Le voile capricieux se déploie immédiatement avec le vent, bien au-delà de ce qu’on pouvait attendre, signature de la bise elle-même furieusement décoiffée ; une danse insolite s’engage alors sur un sol glissant de pierres patinées, lessivées. Soit une danse risquée, marquée par les bourrasques et les vagues rugissantes ; un corps à corps avec les éléments qui ne présage pas de qui s’en sortira.

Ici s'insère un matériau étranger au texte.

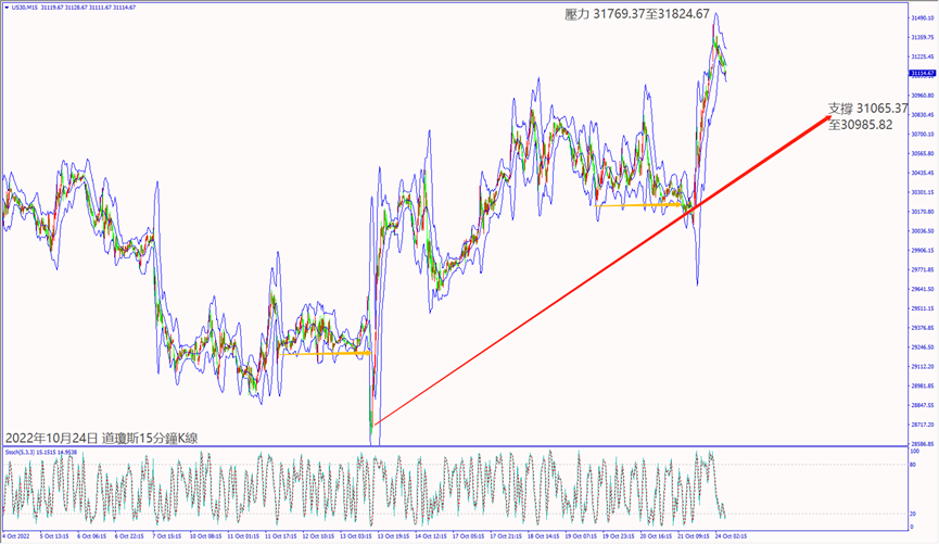 上週五(21日)新美聯儲通訊社預期12月可能縮小加息幅度,利好道瓊斯和納指逆勢大漲超3%。預期今天(24日)歐元區公佈製造業數據大都不佳,德指沖不過60日均線12,908,建議可短空操作。預期今天美國公佈經濟數據好壞參半,道瓊斯若守住小時布林帶下軌線30,985,建議可短多操作。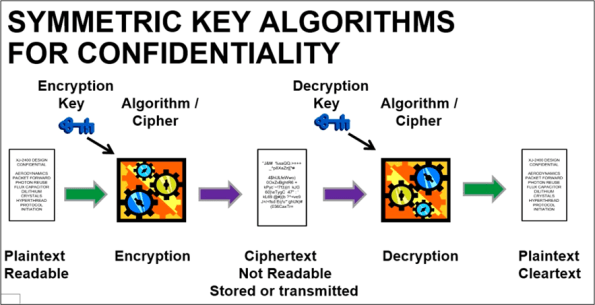 The figure below shows how a matched symmetric key/cipher pair provides the service of “confidentiality” to system users. Since they are “symmetric“, the encryption key is the same as the decryption key. Anyone with the key and matching cipher can decrypt a message (or file) that was encrypted with the same key/cipher pair.

Tel un personnage peint par Caspar David Friedrich, intrépide personnage approchant le sublime devant la nature déchainée ; dans sa prestation improvisée incarne ce désir de surpassement, ce mouvement de l’âme qui fait « qu’on y va » même si l’on est pas sûr à l’avance de la destination.


Par son accoutrement et ses mouvements, il réalise une sculpture vivante aux moments forts de sa présence aux extrêmes. La lutte contre les éléments est aussi une danse, un déséquilibre sans cesse repris, un désarroi de l’être entier, la hardiesse d’être vraiment présent dans l’absolu immédiat, avec et dans cette force de propulsion vers la lumière et pour la vie.

Le cadreur subit également les intempéries, il participe à la danse, à la lutte dans les mêmes conditions ; il suit et précède les mouvements, les variations, la confusion qu’il capte, déplie, déploie ses images en rigueur et limpidité.

On a rencontré cet esprit incarné une première fois, avec ce même voile, dans des prairies inondées jusqu’à l’horizon par un crépuscule d’apocalypse ; sa dérive de pure essence solitaire l’a ainsi conduit jusqu’à l’Océan et jusqu’à cette jetée menaçante et glacée.

Un moment la silhouette disparaît, corps noir dans l’eau noire, et, juste après, une langue d’écume blanche vient lentement mourir sur la grève.